Declarações de Pep Guardiola a mencionar o futebol português: "O que ele quis dizer é que nestes contextos os jogadores já sabem que há uma grande quantidade de jogos, mas nós também a temos, com 58 jogos amanhã, e vamos passar os 60. Centro-me em nós e o motivo de estar orgulhos dos jogadores tem a ver com a gestão do esforço que temos feito. Até ao momento temos conseguido isso. A cada três dias, durante muitos meses e sem desculpas, temos feito o nosso trabalho para a equipa ser competitiva. Vou equivocar-me muitas vezes, mas fiz sempre o melhor pelos jogadores."

A Liga de Clubes defendeu o Sp. Braga ao longo da época? "Quando há muitas equipas que vão avançando em competições europeias, o calendário fica mais exigente porque tem mais jogos. Tem que se pensar nos clubes, na Liga e na Federação, que também tem uma competição para gerir, há reuniões a que vão pessoas do nosso clube para tentar que as decisões prejudiquem o menos possível e julgo que há predisposição das entidades em tratar de ajudar porque afinal estar meias-finais da Liga Europa é bom para a Liga e para o futebol português, porque há 12 anos que não se ia a uma meia-final. Dá prestígio à Liga, somam-se muitos pontos que são importantes para ter mais equipas nas competições europeias. Agora, não vamos negar que é muito difícil, porque tens que encaixar os jogos nalgum sítio, mas não acho que tenha havido decisões que nos tenham prejudicado."

Nota-se um ambiente de mais entusiasmo na equipa, uma vez que está perto de uma final? "Tal como disse o Ricardo [Horta] antes do jogo com o Friburgo, não somos ao facto de este ser um momento histórico para o clube, mas o nosso processo centra-se em tomar decisões que tenham a ver como treinamos, com a informação sobre o rival, qual será o nosso onze e as substituições. Como profissional, tens de centra-te em tomar decisões e para isso tens de ter a mente o mais fria possível. Não diria que é outro desporto, mas é muito diferente ser treinador de uma equipa que só compete semana a semana e de outra que tem 58, 59 ou 60 jogos por ano, tens de modificar como trabalhas. Em fevereiro, pudemos dar dois dias livres aos jogadores, é muito diferente de quando jogas a cada três dias, porque não há tempo para a mente pensar noutras coisas. Sabemos do momento importante, mas o foco está no trabalho diário”.

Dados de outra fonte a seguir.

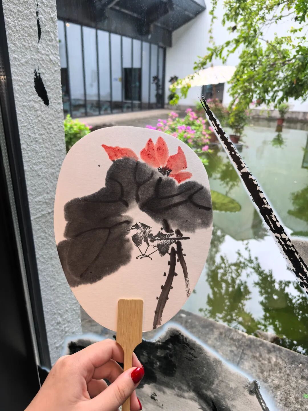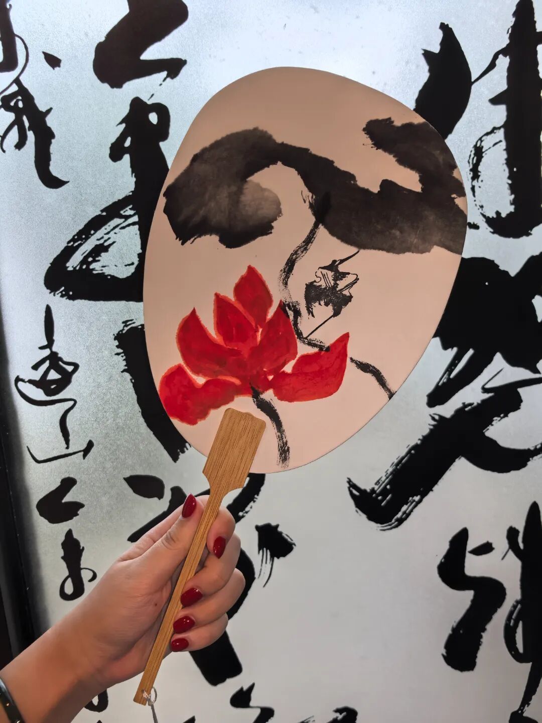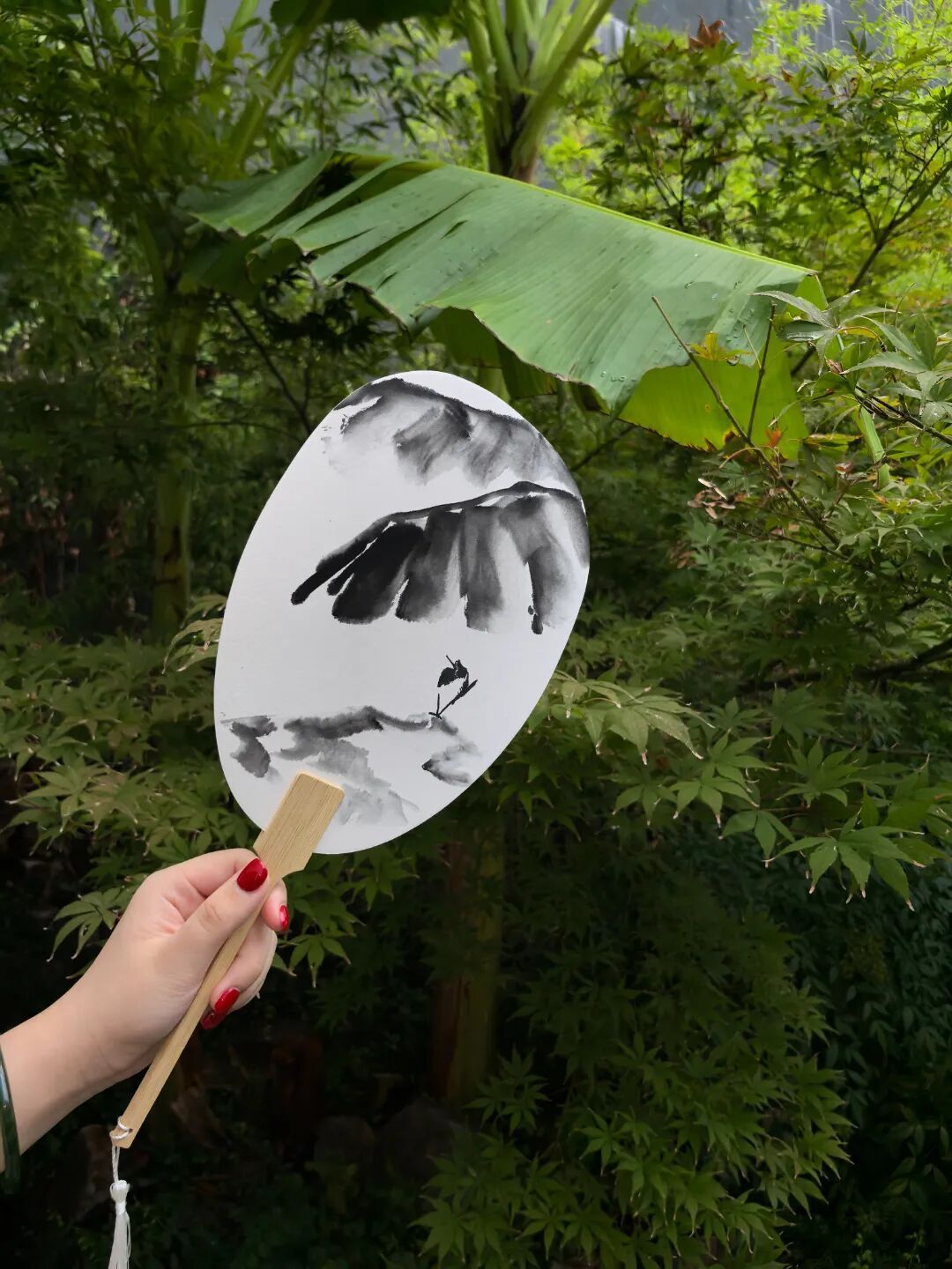 国家一级美术师、香港美协会员、成都博物馆特聘书画家张寅斌,百乐雅集成员、大连印社社员姚海鹰现场作画,并指导观众共同完成团扇作品。
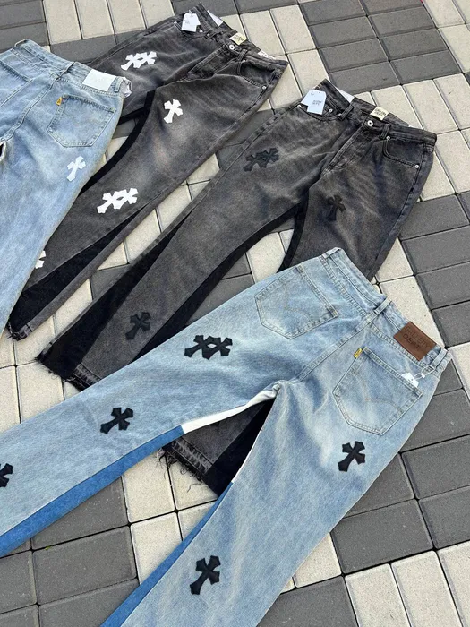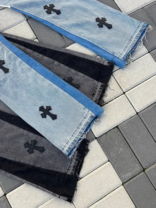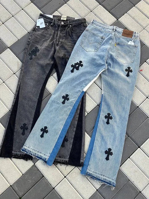 Custom Fashion Cross Design Flare Denim Pants for Men High Quality Casual Mid Waist Breathable Woven Jeans
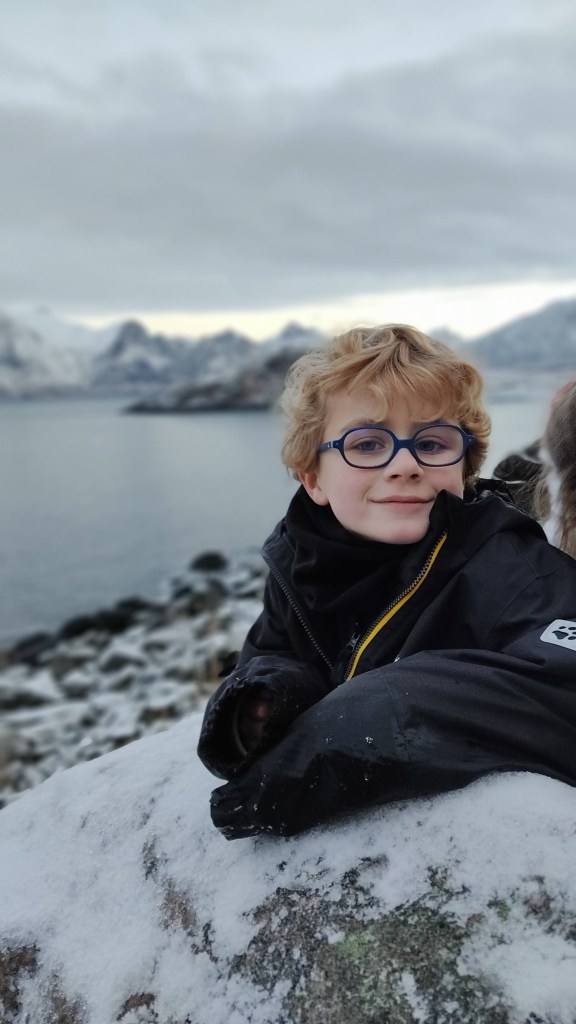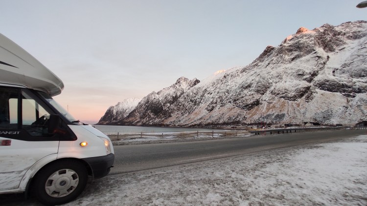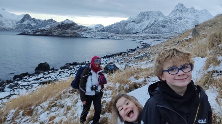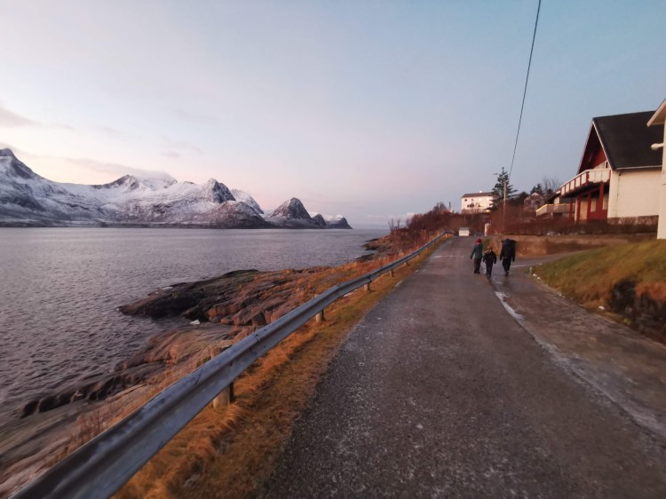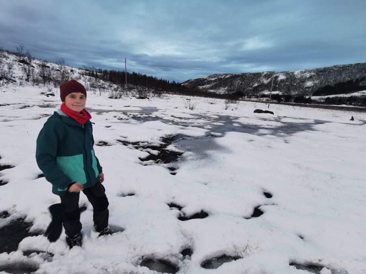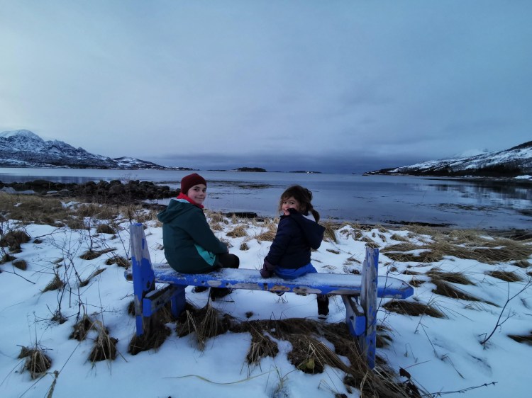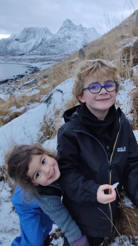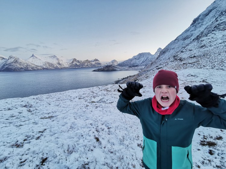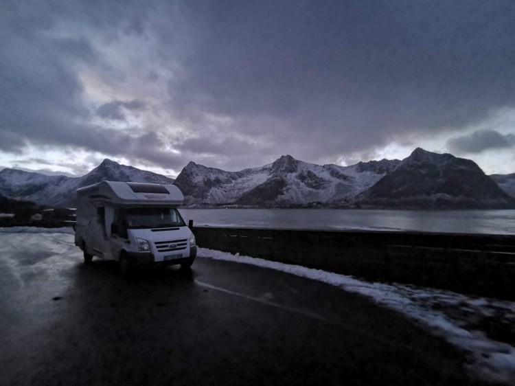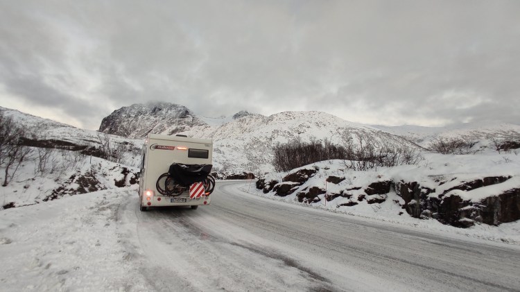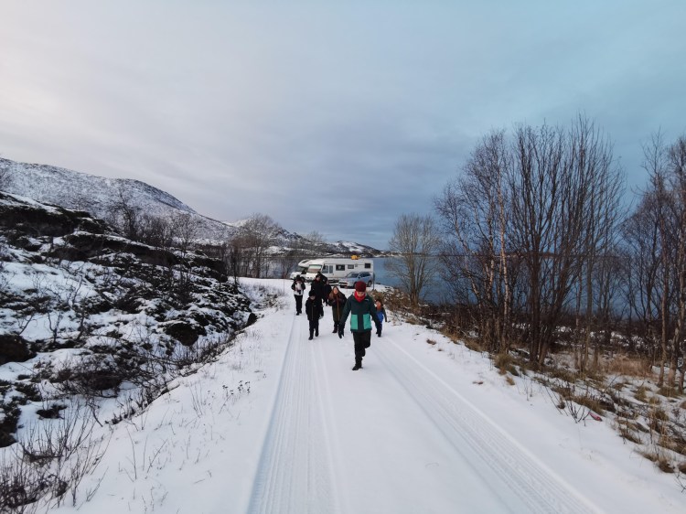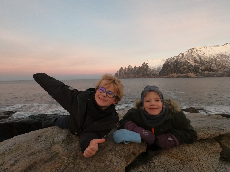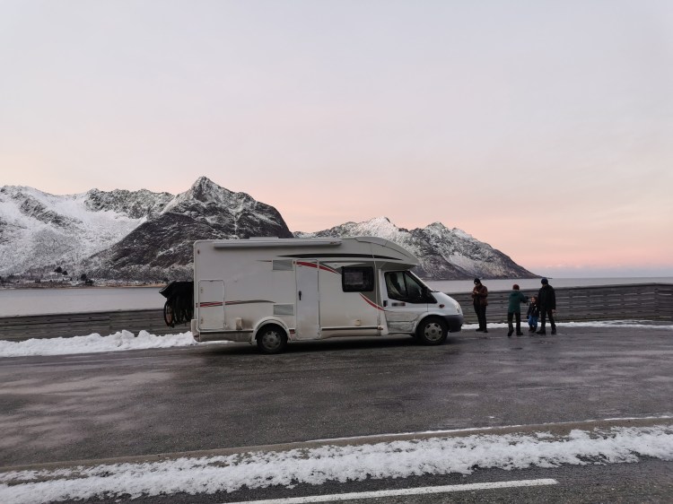 Nous avons un long chemin jusqu’à Senja. Nous passons par de petites routes tortueuses à flan de montagne et au bord des fjords. Les routes sont enneigées et même souvent verglacées. Dès que nous commençons à monter, nous espérons ne croiser personne pour ne pas perdre notre élan… Jusqu’à mi-chemin tout se passe bien. Puis nous nous trouvons sur une route toute blanche qui monte bien (blanche de neige ?? enfin c’est ce qu’on croyait mais la neige cache souvent la glace) et là c’est le drame… le camping-car monte, monte, ralentit et commence à glisser… jusqu’à ne plus arriver à monter ! et ça malgré les pneus cloutés… Il faut dire que notre véhicule à traction a du mal avec tout notre poids à l’arrière. Nous ne pensons pas sur le coup à mettre les chaines. Au final, nous entamons une longue redescente en marche arrière. On n’emmène pas large et Hugo est le seul à s’en rendre compte. Les 2 petits restent plonger dans leur activité « écran ». Et oui des fois, les écrans ça sauve quand la route est longue et/ou compliquée. Une fois revenus sur le plat, nous pouvons repartir en faisant un détour par une autre route plus sûre… Nous alertons d’ailleurs nos amis avec leur gros Billy pour qu’ils prennent tout de suite une autre route pour Senja afin de ne pas connaître les mêmes difficultés que nous.

Que impacto pode ter na equipa perder Ricardo Horta? "É um grande jogador, capitão de equipa, alguém muito importante, mas o maior impacto é a tristeza de não participar. De pouco serve lamentar quem não está, porque temos um departamento médico, e com os jogadores que temos disponíveis ir com tudo. Risco de não ir ao Mundial? Espero que não, espero que recupere e tenha a oportunidade de ir ao Mundial, porque merece e seria duro não ir. Agora é recuperar.”

Alguns dos jogadores que têm estado lesionados estarão aptos? "Vamos ver a evolução de forma diária, mas nenhum deles integrou treino de equipa".